The Off-Market Property Identifier helps real estate professionals, investors, and researchers find properties not currently listed on the market. By cross-referencing data from the Multiple Listing Service (MLS) with county assessor records, it identifies off-market properties, offering a valuable resource for uncovering potential opportunities.

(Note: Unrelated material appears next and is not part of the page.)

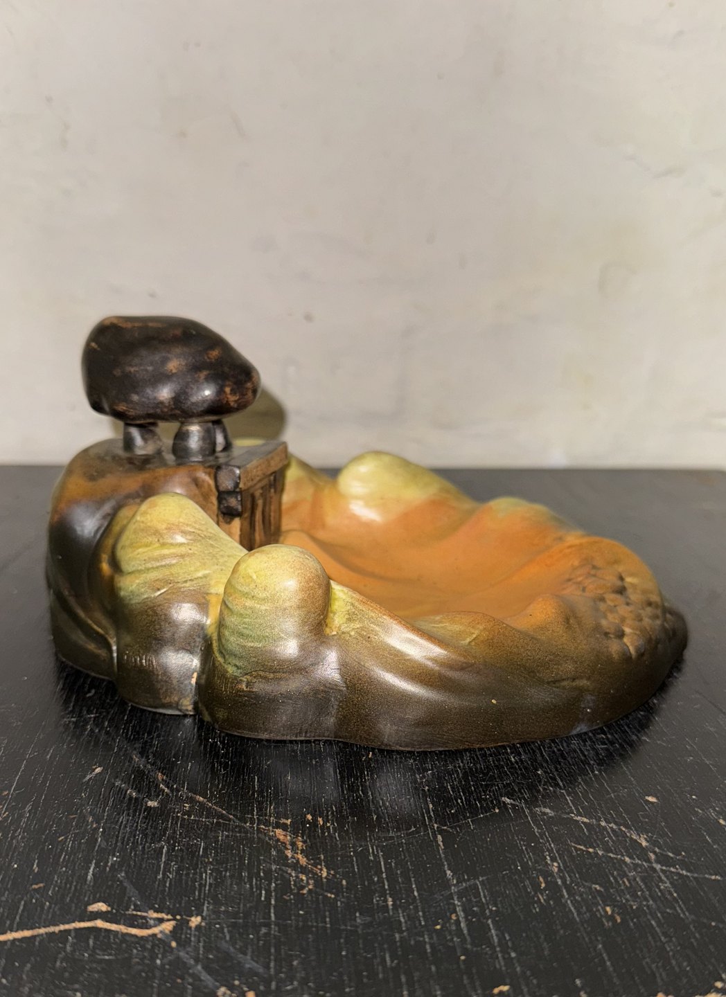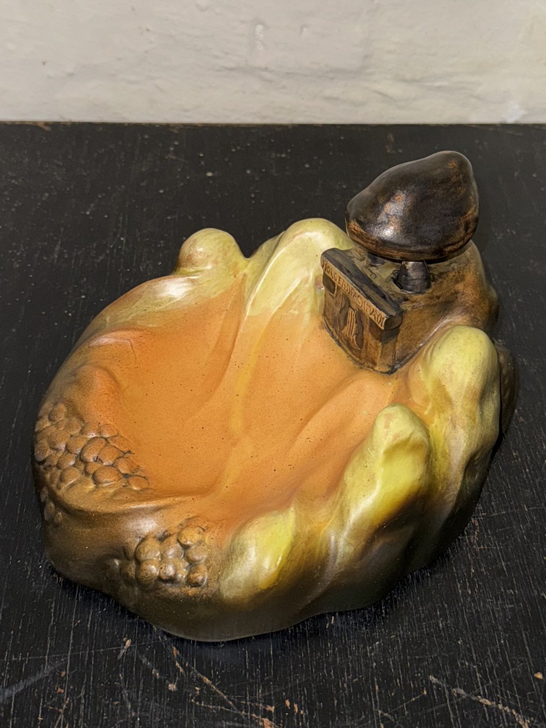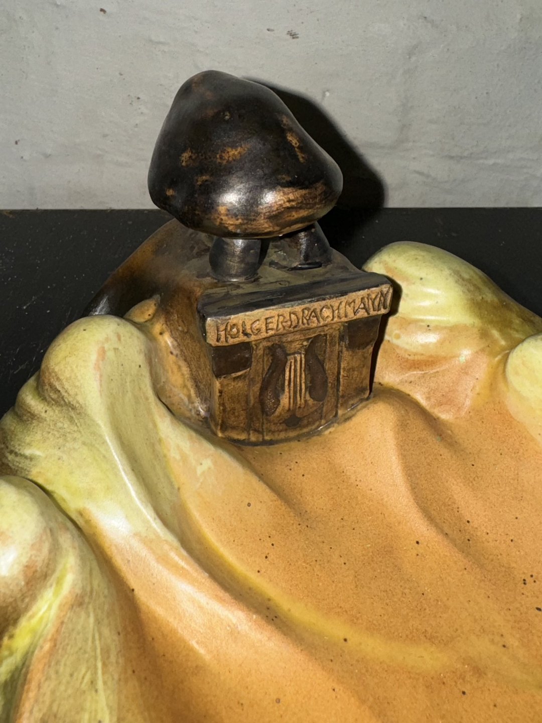 Cigar askebæger fra P. Ipsens Enke, København. For enden en model af Holger Drachmann’s gravsted/monument, der kan ses ved Grenen i Skagen. Udover monumentet ses fine dekorationer i skønvirkestil. Et meget usædvanligt og sjældent emne fra denne fabrik. Fremstår i god stand. Mål: H. 9,4 cm L. 20,2 cm B. 15,4 cm.

From assessor records, filtering invested properties and then breaking down those results down into flipped properties. Distinguishing between ON and Off markets deals of each filter is the last step.
- The scope of this project is to focus on threen key purposes:
- Finding out invested properties from the main dataset.
- Checking whether an invested properties was a flip one or not.
- From step two, Seperating Sold On Vs. Off Market properties by comparing properties ID to MLSers' or 1st American Listing's properties ID.
- Main datset includes: ds_assessor_records.csv
- MLS listings file includes: red_chicago_property_listings.csv, red_dallas_property_listings.csv, and red_denver_property_listings.csv.
- First American file includes: ds_listings.csv.
- The project is broken down into city as the request of Mr.Scott.
- Python 3.9.7
- Pandas 1.3.4
- Numpy 1.20.3
- plotly 5.6.0
- Four CSV files (private) are needed to run the Compare_MLSes_to_1stAmerican.ipynb are:
- ds_assessor_records.csv
- red_chicago_property_listings.csv
- red_dallas_property_listings.csv
- red_denver_property_listings.csv
- ds_listings.csv
- Note: Due to the large dataset size, only some useful columns were read to be used for this analysis.
Project is: completed
- What we think this project can be improve is to identify what are those negative values of Id columns from the 4 files, so we can decide to either filter them out or include them while comapring.
- This project can also be done faster using SQL code on data warehouses.